Financial data such as CVV/CVC is then used to do unauthorized transactions on the dark web (a technique known as “carding”), and the victim accounts might show anomalies. By harvesting customer and/or employee banking account credentials, the threat actors try to drain funds by authenticating multiple purchases, or transferring them to other accounts. In the worst case scenario, a highly privileged account can be used to implant malware or get into in-depth phishing attacks.
There are several ways cybercriminals execute spoofing attacks. However, in all of them, deception and creating a sense of urgency to discourage scrutiny are always present.

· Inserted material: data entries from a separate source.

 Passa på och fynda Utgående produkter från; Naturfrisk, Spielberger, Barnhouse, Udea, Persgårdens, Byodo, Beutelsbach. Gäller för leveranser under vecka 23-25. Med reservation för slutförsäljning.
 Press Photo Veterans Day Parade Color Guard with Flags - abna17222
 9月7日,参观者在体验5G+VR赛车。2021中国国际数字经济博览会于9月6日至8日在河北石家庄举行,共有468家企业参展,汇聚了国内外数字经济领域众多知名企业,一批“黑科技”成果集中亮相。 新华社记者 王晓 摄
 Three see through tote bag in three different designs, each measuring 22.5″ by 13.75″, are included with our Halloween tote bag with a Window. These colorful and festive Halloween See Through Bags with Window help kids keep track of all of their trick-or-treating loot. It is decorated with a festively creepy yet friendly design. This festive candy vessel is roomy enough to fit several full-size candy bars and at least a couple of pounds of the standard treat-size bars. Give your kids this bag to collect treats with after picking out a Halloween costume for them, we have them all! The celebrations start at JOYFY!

One method is “typosquatting”, in which cybercriminals register multiple domains using the same keyword in alternate permutations and combinations to trick the user. An example of typosquatting is keywords having the same pronunciation but different spellings. Inexpensive, shady registrars and top level domains (TLDs) are used to set up identical looking websites.

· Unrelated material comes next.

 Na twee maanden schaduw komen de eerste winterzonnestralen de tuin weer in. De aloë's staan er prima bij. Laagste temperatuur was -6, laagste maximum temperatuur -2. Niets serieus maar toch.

In addition to URL spoofing, attackers resort to internationalized domain name (IDN) homographs to deceive users. By substituting similar-looking characters, such as lower case “L” (“l”) for “I” or “0” for “O,” they register deceptive yet similar looking domains. This is a well known attack vector used in spoofing in which the appearance of the malicious domains mimic authentic websites by using stolen or publicly available design elements.
Once a spoofed website is set up, mail records come next. When a phishing email is sent, the victim can be redirected to this webpage to execute further actions. This also helps in diverting the attacks to call spoofing (also known as “vishing” attacks), giving threat actors the leverage to entrap their victim from all sides.

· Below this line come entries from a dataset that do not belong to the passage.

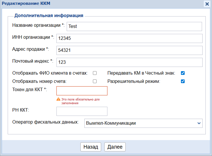 | На первой же странице откроется окно для заполнения данных. Галочка "Разрешительный режим" по умолчанию скрыта. Чтобы галочка стала видимой, активируйте чекбокс “Передавать КМ в Честный знак”. | Если у вас АТОЛ, данная настройка будет на следующей странице. Нажмите Далее. Чтобы галочка "Разрешительный режим" стала видимой, активируйте чекбокс “Передавать КМ в Честный знак”. |
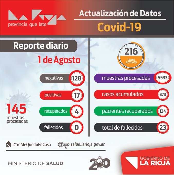 El ministerio de salud de La Rioja dio a conocer el segundo informe covid-19 del sábado 1/08. En la ocasión se procesaron 89 muestras, resultando 76 negativas y 13 positivas para COVID-19.
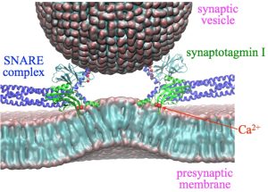 接著,當神經收到訊號、鈣離子(Ca²⁺) 大量湧入時,情況立刻改變。鈣離子會黏上 Synaptotagmin 環,讓這個對稱結構崩解,原本穩固的「鎖」被打開。SNARE 蛋白這時就能「拉鍊式」地快速摺疊,把囊泡猛地拉向細胞膜——砰!囊泡瞬間與膜融合,神經傳導物質像被「釋放軟木塞」一樣爆射出去,完成訊息的傳遞。
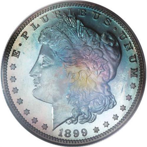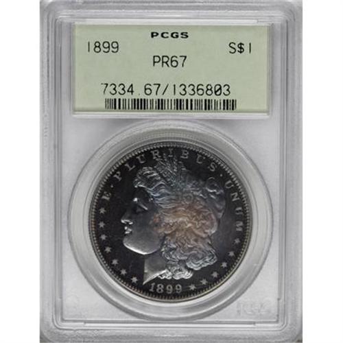 <B>1899 $1 PR67 PCGS.</B></I> Bright surfaces are covered in a low intensity veneer of sky-blue, lilac, and gold patination, rendering simply outstanding beauty. A well executed strike emboldens all of the design features, and close examination reveals immaculate preservation. Housed in a green-label holder. Population: 10 in 67, 0 finer (11/07).<BR><I>From The Chandler Collection.</B></I><BR><BR><B>Coin Engraver:</B> George T. Morgan<BR><BR><b>Shipping:</b> Coins & Currency (<a target="_blank" href="http://www.heritageauctions.com/common/shipping.php">view shipping information</a>)

Generative AI solutions such as ChatGPT are built to avoid writing malicious code, but recent threat landscape trends in the financial industry show heavy reliance on certain “evil twins” of the “good” generative AI options. For example, freely available solutions of WormGPT and HackerGPT are capable of generating phishing kits in a matter of seconds for spoofing various banks and institutions.
Besides texts, spoofing attacks through the generation of deepfakes can also pose a significant risk to the financial industry, including fraud, identity theft, market manipulation, and reputation damage. “Know Your Customer” (KYC) are familiar compliance guidelines all financial institutions are required to follow, however cybercriminals can bypass these efforts through fabricated videos that add a dilemma to the verification process.
To mitigate spoofing threats, financial institutions must invest in advanced phish detection technologies and educate their employees about the dangers of deep fakes. By strengthening KYC procedures and staying vigilant against deepfake threats, financial institutions can safeguard their operations and maintain the trust of their customers and clients. Organizations utilizing proactive solutions to ensure preemptive adversarial disruption can block and deter the wave of finance sector spoofing attacks before they have the opportunity to operate .
From an organizational standpoint, spoofing attacks can lead to reputational damage for financial institutions and loss of customer trust. If the company’s data is frequently at risk due to multiple occurrences of cyber attacks, such companies attract unwanted and negatively impacting media attention – which can also result in regulatory fines and hefty compensations.
It is crucial to stay informed about the latest spoofing attack trends and adopt a preemptive approach to cybersecurity. By investing in advanced attack prediction technologies, educating employees, and practicing customer awareness, financial institutions can build a more resilient defense against these persistent threats.